» **Task prompt**
Leave the pictures out. Retype exactly the lines below from the one containing "(Brightness/Contrast) in ScanGear" through the one containing "Blick vom Östertal", and no others.

***** Information *****

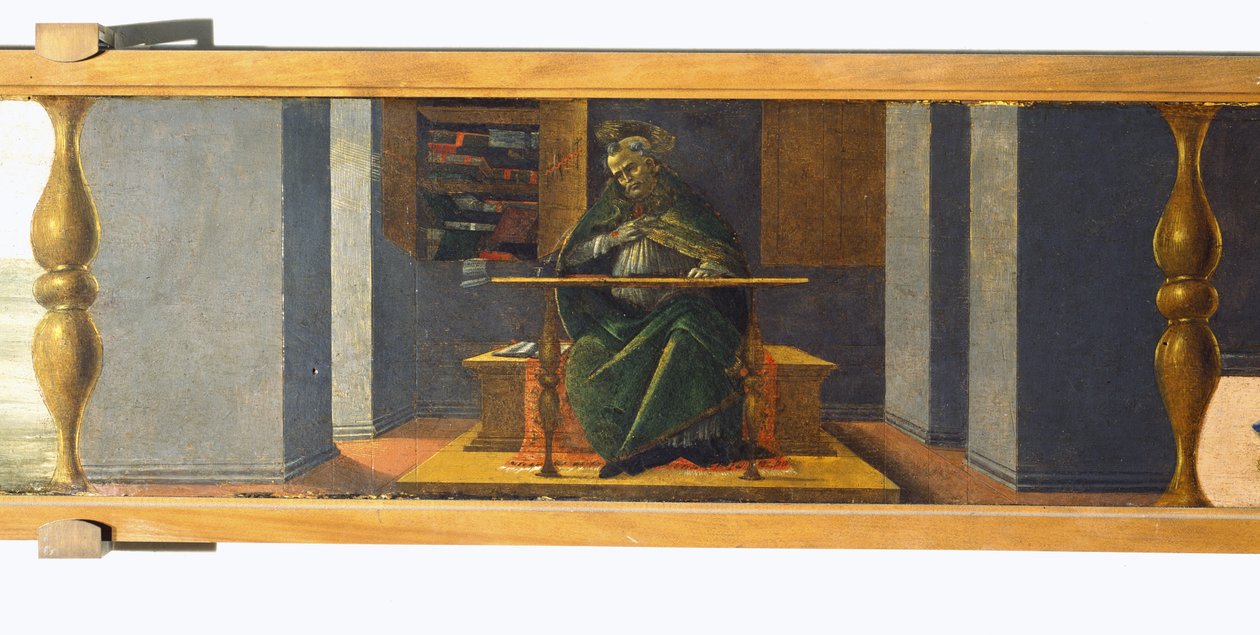 St. Augustinus in seinem Studierzimmer, Predella-Panel vom Altarbild des St. Markus, c.1488-90(St Augustine in his Study, predella panel from the Altarpiece of St Mark, c.1488-90 (tempera on panel) (see 44363))Sandro Botticelli |
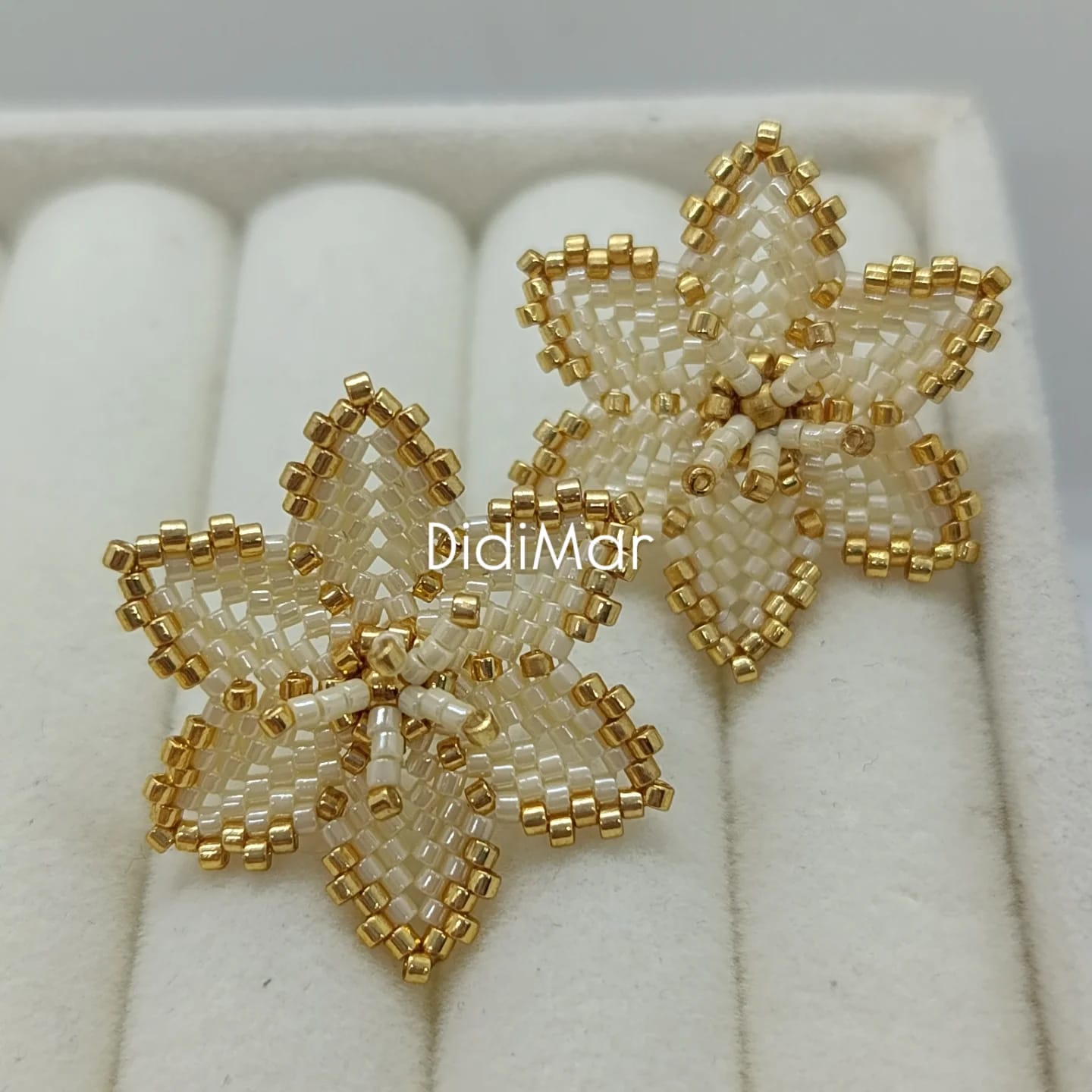 Aretes tejidos a mano en cristal calibrado de la marca Miyuki. Poste de acero inoxidable.
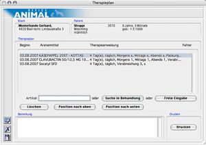 ANIMAL-office prüft ob für diesen Patienten bereits ein Therapieplan vorhanden ist und zeigt diesen gegebenenfalls an. Ist noch kein Therapieplan vorhanden übernimmt ANIMAL-office die abgegebenen Artikel der letzten Behandlung in den Therapieplan und zeigt diesen an.
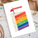 Nothing says party like a colorful rainbow birthday cake. You may personalize this birthday card with your own message.
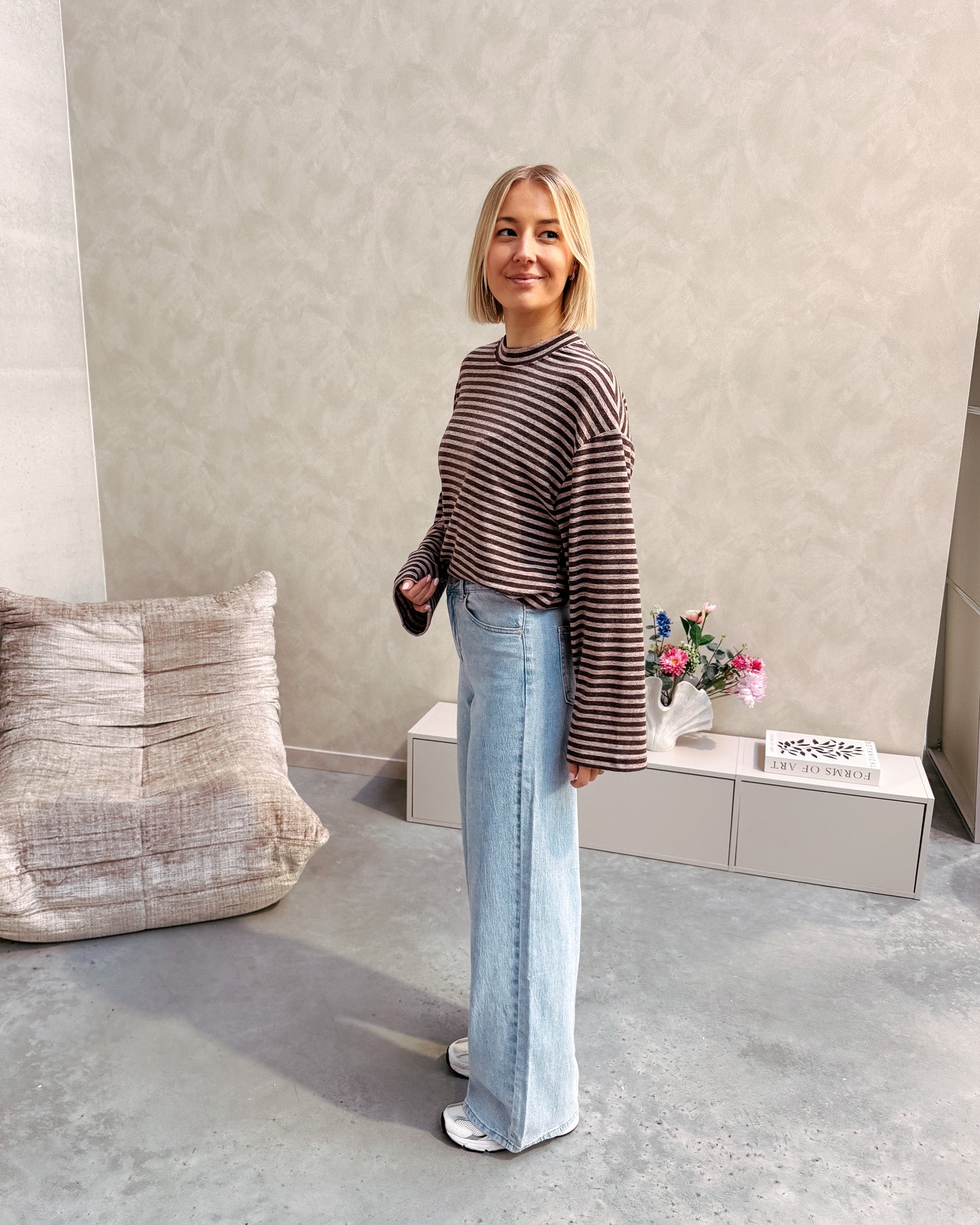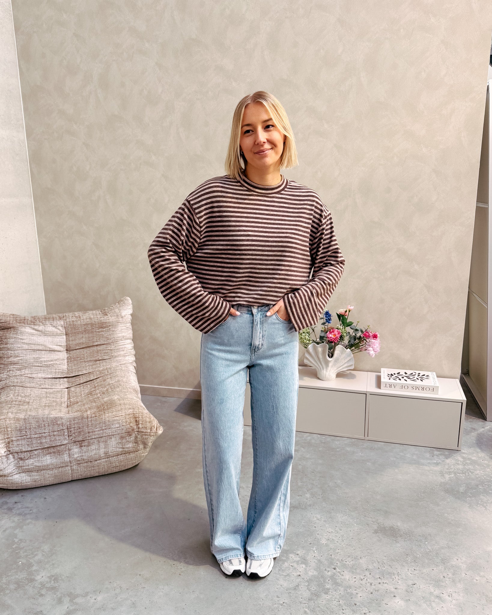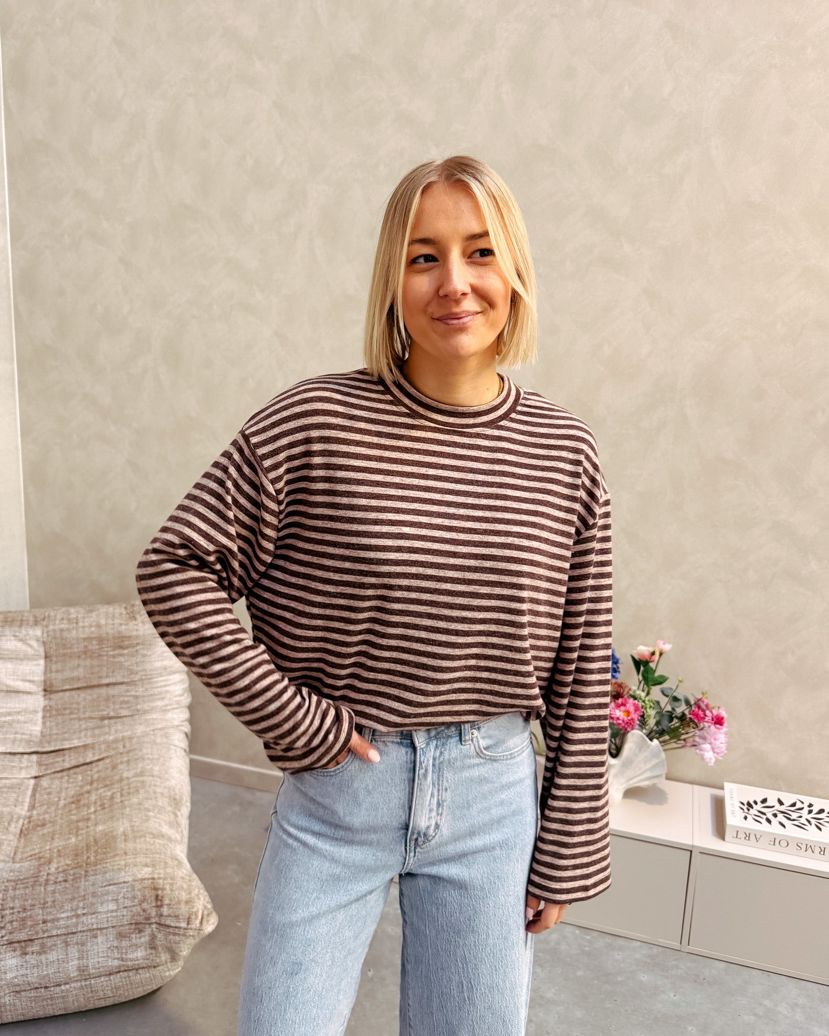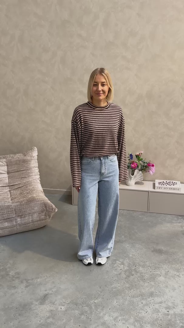 Het shirt met lange mouwen heeft een oversized fit. Ook heeft het brede mouwen en een tof streepjes patroon met chocolade bruin en beige. Dit shirt kan je ideaal nu al dragen met een cardigan/truitje erop en kan je zeker nog door dragen in de lente! Wij combineerden het shirt met de ‘THE NEW MAUD WIDE LEG JEANS - LIGHT BLUE’ samen vormen ze een perfect match! We raden aan het shirt met de hand te wassen.
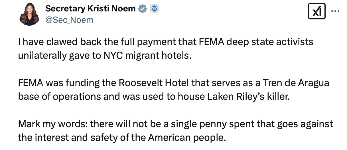 The federal government is being introduced to a shocking new concept called accountability. The Associated Press ran a terrific story yesterday headlined, “4 FEMA employees are fired over payments to reimburse New York City for hotel costs for migrants.” The headline referred to the $59 million payment sent to luxury New York City hotels to provide long-term migrant housing at double rates and 100% occupancy— for free to the illegal migrants!— even while LA County and North Carolina citizens are still living in tents. And it violated Trump’s direct order to suspend those very payments.
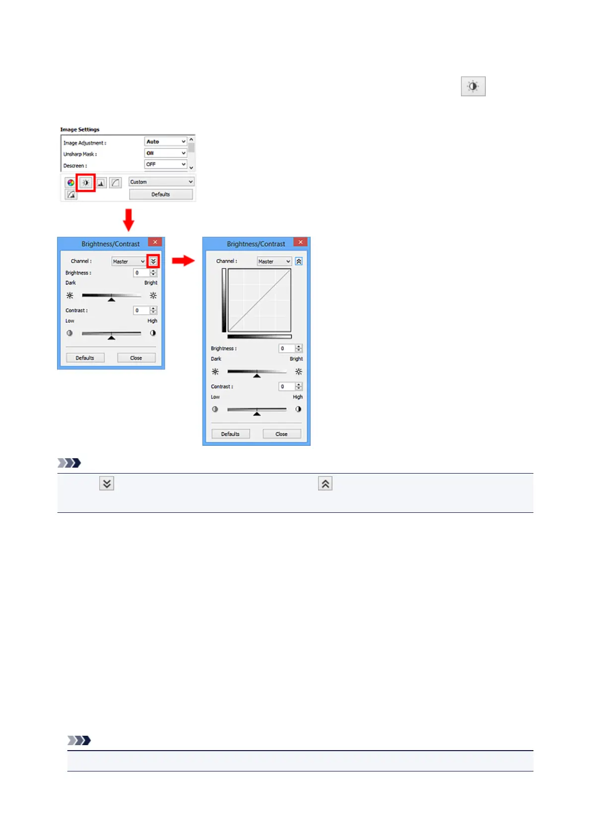(Brightness/Contrast) in ScanGear (scanner driver)'s Advanced Mode tab.
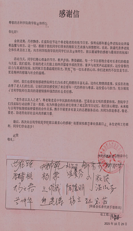 二是收获一份“无价之宝”——数位长者联名签下的感谢信。信纸上面密密麻麻留下了敬老院多位老人亲笔签名,最年长者93岁,最“年轻”的也有71岁。 字里行间,是长者们的慈爱与温暖;镜头之下,是同学们的责任与担当。这份来自社会和长者的双重认可,比任何奖杯都更加珍贵。它告诉我们,教育的真谛不仅在课堂,更在于培养一颗懂得爱、愿意付出的心。
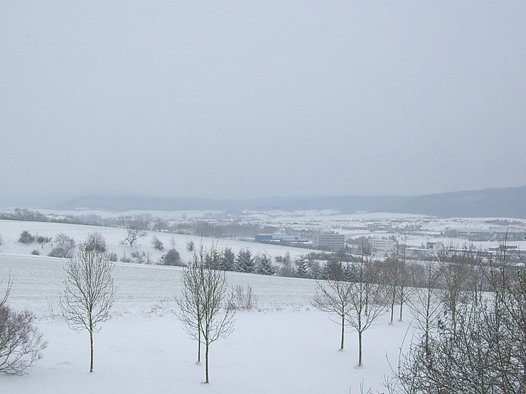 Blick vom Östertal in das verschneite Tal der Wipper Richtung Bad Frankenhausen.
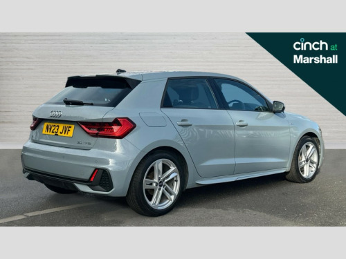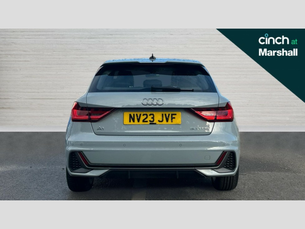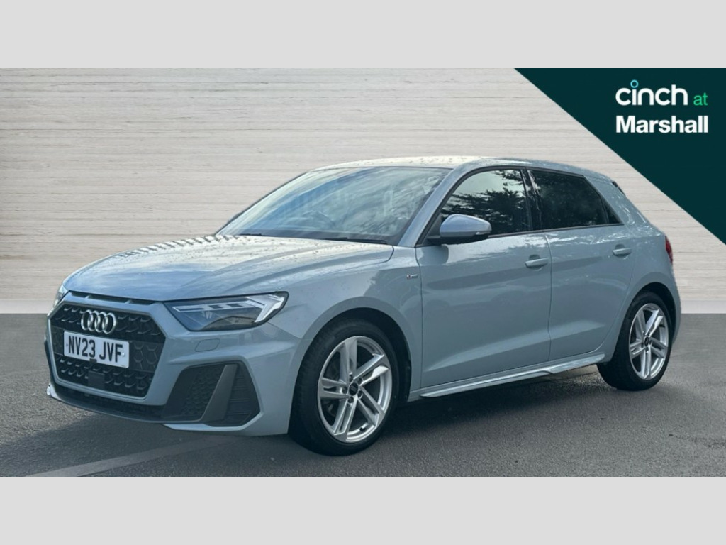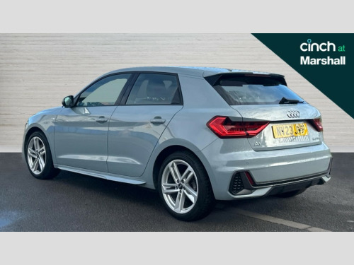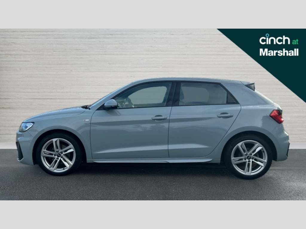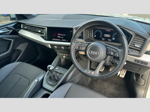 Audi A1 30 TFSI 110 S Line 5dr 10.25" Digital instrument cluster display classis style instrument dials + speed,odometer,time,outside temperature,telephone menu + fuel level warning, Audi drive select - power steering assistance + engine, Audi smartphone interface with connect compatible smartphone via USB directly MMI display + Nav,music, third party apps controlled via MMI controller, Automatic start/stop system, Bluetooth interface, Cruise control, Driver's information system, Electromechanical power steering, Emergency e-call, Lane departure warning system, Rear parking sensor, Service interval indicator, Speed limiter, Voice control system, Washer fluid level indicator, Sports suspension, 2 x USB type C connection points, 6 passive loudspeakers, DAB Digital radio, MMI radio plus with 10.1" colour MMI display screen and MMI touch, Auto dimming rear view mirror, Body coloured door mirrors, Door sills with aluminium inlays and S Line logo, Electric front and rear windows, Electrically adjustable, heated, folding door mirrors with integrated LED side indicator, Front side air inlets in grained matt black and C frame in anthracite black, Heat insulating glass windscreen and side windows, Heated rear windscreen, High level LED brake light, LED headlights with LED rear lights + dynamic rear indicators + headlight adjustment and high beam, turning light + LED daytime running lights, Privacy glass, Radiator grille and rear diffuser in matt anthracite black, Radiator protective grille frame in matt aluminium silver, Rain and light sensors, Rear fog lights, Rear side wing doors, Rear wiper, S line badges on front wings, Side front spoiler lips in grained matt black, 12V socket in centre console with two cup holders, 3 rear seats with headrests, 3 seat bench in 2nd row, 3 spoke leather multi-function plus steering wheel features S badging and grips in perforated leather with contrast stitching, 40:60 Split folding rear seat or folded fully, Black cloth headlining, Driver and passenger seat with manual height adjust with forward and backwards adjustment, Front and rear black floor mats with contrast stitching in fine silver, Front head restraints, Front passenger seat, Height and reach adjustable steering wheel, ISOFIX child seat mounting for front passenger and outer rear seats including top tether attachment point of outer rear seats, Leather gear knob with aluminium trim, Leatherette handbrake grip, Luggage compartment light with front and rear reading lights, Manual air conditioning, Manually adjustable lumbar support in front seats, Stainless steel pedals, LED interior lighting pack - A1, Luggage compartment pack - A1, S line exterior styling pack - A1 Sportback, 3x3 point rear seatbelts, Audi pre-sense front with pedestrain and cyclist recognition, Brake assist function, Driver and front passenger airbag with front side and head airbags, Electronic Stability Control including ABS, EBD, ASR and EDL, Front passenger airbag deactivation switch, Hill hold assist, Manual rear child locks, Seatbelt height adjustment for front seats, Seatbelt monitoring, Tyre pressure warning light, Warning triangle and first aid kit, Anti theft alarm, Anti theft wheel bolts and loose wheel warning, Immobiliser, Remote central locking with 2 foldaway keys, Aluminium trim for control switches, air vents and digital instrument cluster, Black dashboard, Silver grey inlays polygon structure in diamond paint finish, Structured grey accent areas including air vents, door handle recesses and centre console in quartz paint finish
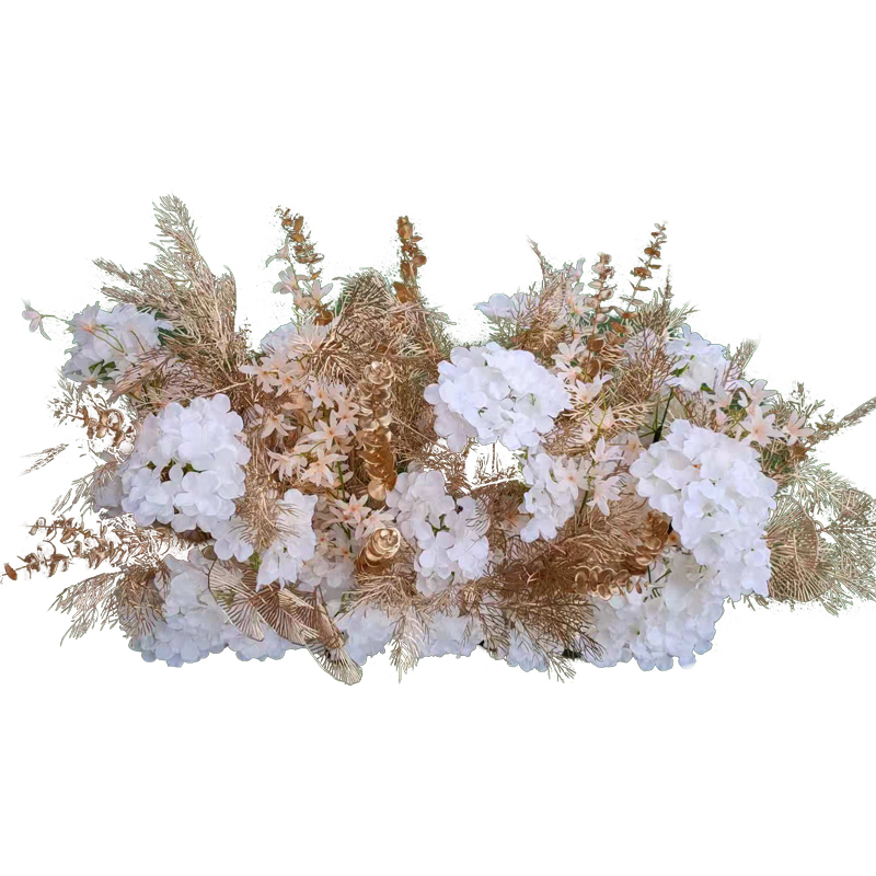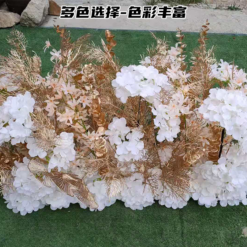 香槟金白路引花排假花仿真花背景装饰婚庆花艺舞台布置地排花桌花
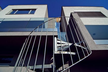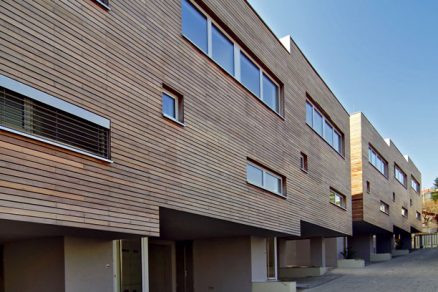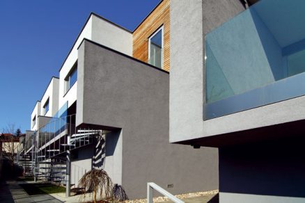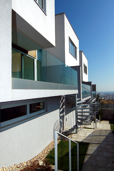 „Situovaním terasy na prvom poschodí sme podporili výhľad a zároveň zabezpečili súkromie obyvateľov domov,“ hovorí architekt. Druhé podlažie slúži ako nočná časť. Obsahuje tri izby a sociálne zariadenia. Obytný priestor ponúka veľkorysých 180 štvorcových metrov. Okrem dvoch garážových parkovacích miest má každý dom k dispozícii tri vonkajšie státia.

*****

» **Exercise result**
(Brightness/Contrast) in ScanGear (scanner driver)'s Advanced Mode tab.
 二是收获一份“无价之宝”——数位长者联名签下的感谢信。信纸上面密密麻麻留下了敬老院多位老人亲笔签名,最年长者93岁,最“年轻”的也有71岁。 字里行间,是长者们的慈爱与温暖;镜头之下,是同学们的责任与担当。这份来自社会和长者的双重认可,比任何奖杯都更加珍贵。它告诉我们,教育的真谛不仅在课堂,更在于培养一颗懂得爱、愿意付出的心。
 Blick vom Östertal in das verschneite Tal der Wipper Richtung Bad Frankenhausen.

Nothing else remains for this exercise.